What do you do if you’re stuck in the frozen north and are looking longingly at the sunny south where your wife is working? Well, you take a holiday and then, if you’re a composer, you write something that brings the sun home with you. And this is what composer Carl Nielsen did in 1902.

Grieg’s wife, the sculptor Anne Marie Carl-Nielsen, was in Athens making copies of the bas-reliefs and statues in the Acropolis Museum. Nielsen, with commission funding from the publisher Wilhelm Hansen, joined her in Athens and a local conservatory gave him access to a study room with a piano.

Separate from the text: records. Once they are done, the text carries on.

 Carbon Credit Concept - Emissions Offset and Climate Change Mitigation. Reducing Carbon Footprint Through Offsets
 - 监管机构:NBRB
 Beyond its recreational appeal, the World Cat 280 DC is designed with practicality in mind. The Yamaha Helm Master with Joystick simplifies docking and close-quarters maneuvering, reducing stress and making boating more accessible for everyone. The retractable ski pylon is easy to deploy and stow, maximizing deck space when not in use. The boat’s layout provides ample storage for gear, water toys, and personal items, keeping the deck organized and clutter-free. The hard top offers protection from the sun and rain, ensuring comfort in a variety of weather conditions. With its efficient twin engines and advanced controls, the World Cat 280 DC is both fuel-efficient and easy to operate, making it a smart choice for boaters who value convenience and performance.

His own interests in archaeology often took him out to the surrounding countryside and it was during his time in the mountains around the area that inspired his Helios Overture.

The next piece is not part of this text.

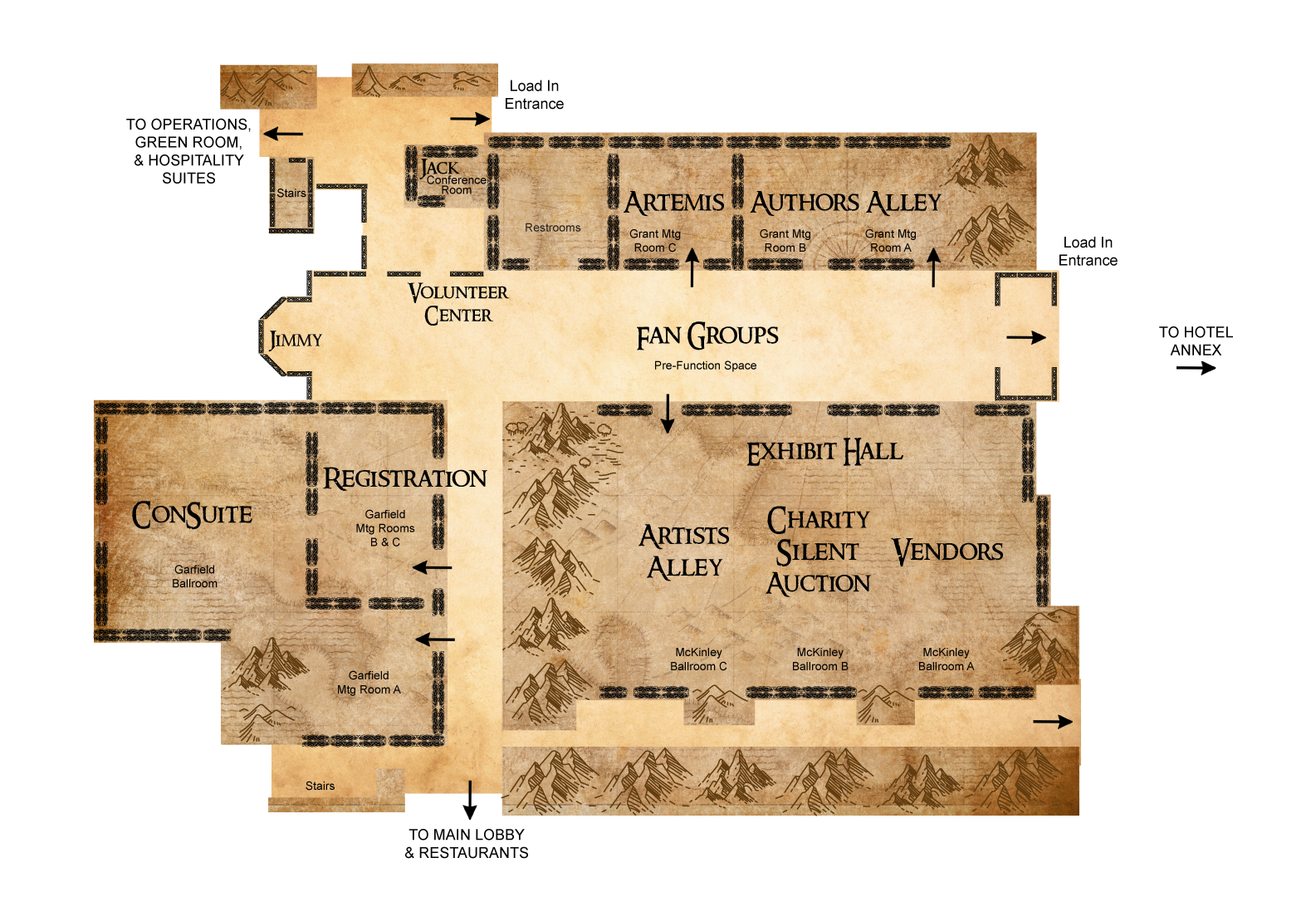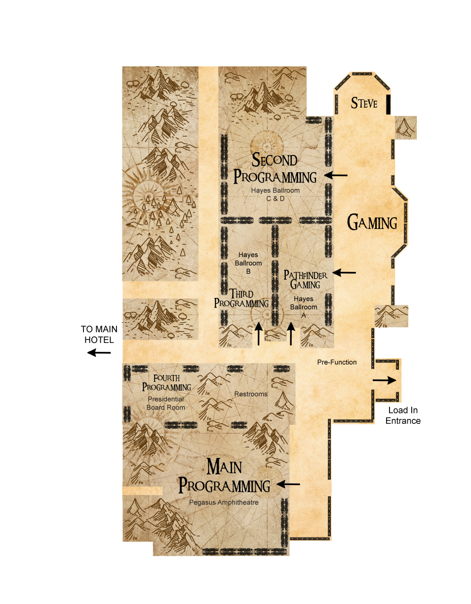 Location: Garfield D Friday 12:00pm- 9:00pm Saturday 9:00am- 10:00pm Sunday 9:00am- 2:00pm (room cleanup begins at 1:00pm) Always a place to hang out with fellow fans, the Consuite continues the tradition this year. Remember, the Consuite is not meant to provide three squares each day while at the convention. If you are looking for a well-balanced meal, we suggest you check out the hotel restaurants. Room may close early based on usage.

Anne Marie and Carl Nielsen in Athens

Anne Marie and Carl Nielsen in Athens

Nielsen: Helios Overture (South Jutland Symphony Orchestra; Niklas Willen, cond.)
Begun in March 1902 and finished in April 1903, this concert overture takes the rise and fall of the sun over the Aegean Sea as its inspiration. As the strings become the undulating sea, the horns become the sound of the rising sun, while the string and woodwinds add a richness and shine to its appearance. You can almost hear the rising brightness as the world emerges from the darkness of night.

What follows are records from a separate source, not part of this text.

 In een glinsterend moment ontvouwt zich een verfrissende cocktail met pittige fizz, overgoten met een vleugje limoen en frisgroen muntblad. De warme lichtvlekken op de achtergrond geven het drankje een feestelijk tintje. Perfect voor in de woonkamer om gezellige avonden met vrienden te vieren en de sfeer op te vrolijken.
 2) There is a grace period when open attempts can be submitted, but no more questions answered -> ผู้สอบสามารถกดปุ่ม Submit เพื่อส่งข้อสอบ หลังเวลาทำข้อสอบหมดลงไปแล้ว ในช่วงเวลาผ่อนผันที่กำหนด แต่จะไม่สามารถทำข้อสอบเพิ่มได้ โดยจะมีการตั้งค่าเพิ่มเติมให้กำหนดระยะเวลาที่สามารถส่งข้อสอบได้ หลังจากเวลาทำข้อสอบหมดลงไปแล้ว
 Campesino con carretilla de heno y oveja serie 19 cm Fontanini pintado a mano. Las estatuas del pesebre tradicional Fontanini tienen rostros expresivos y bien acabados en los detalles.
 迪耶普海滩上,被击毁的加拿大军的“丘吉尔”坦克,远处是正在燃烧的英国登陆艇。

Once the sun appears, all is calm and clean. A fanfare in the trumpets seems to herald the start of the business day and all begins to get busier. The woodwinds take up a simple theme, the strings add pizzicato to make it bustle. Another fanfare might be an important arrival or it might be the light of the sun illuminating an important building – it’s all how you imagine the day progressing. The day gets busier and busier, the trumpets remain busy announcing new arrivals, and then the day closes. The music subsides and we feel the approach of the same darkness that exited at the beginning of the piece.

Anne Marie Brodersen (1863-1945) was one of the first women to be taken seriously as a sculptor. She met Carl Nielsen in Paris in 1891 and they married in Florence. Anne Marie took as her family name the full name of her husband, with a hyphen, becoming Anne Marie Carl-Nielsen. In 1903, she was awarded the Anker Scholarship and undertook an extensive journey to Athens and Constantinople. This is when she copied classical Greek sculpture while Carl Nielsen composed music about the sun. Her work often took her travelling around the world while her husband remained home to keep the family together. Her portrait bust of him won the Thorvaldsen medal in 1922.

Anne Marie and Carl in her studio

Anne Marie and Carl in her studio

Carl Nielsen (1865-1931), considered Denmark’s greatest composer, also had a 16-year stint in the Royal Danish Orchestra as 2nd violinist. His early music was inspired by German and Norwegian composers such as Brahms and Grieg, but he soon developed his own sound and style. His progressive tonality and new ideas of composition removed him from the normal repertoire and it wasn’t until the 1960s, championed by conductors such as Leonard Bernstein, that the rest of the world could catch up with him.

The Helios Overture, one of Nielsen’s wonderful small orchestral works, remains popular even now and is a wonderful evocation of the warmth of the Mediterranean and the centrality of the sun to its mythology.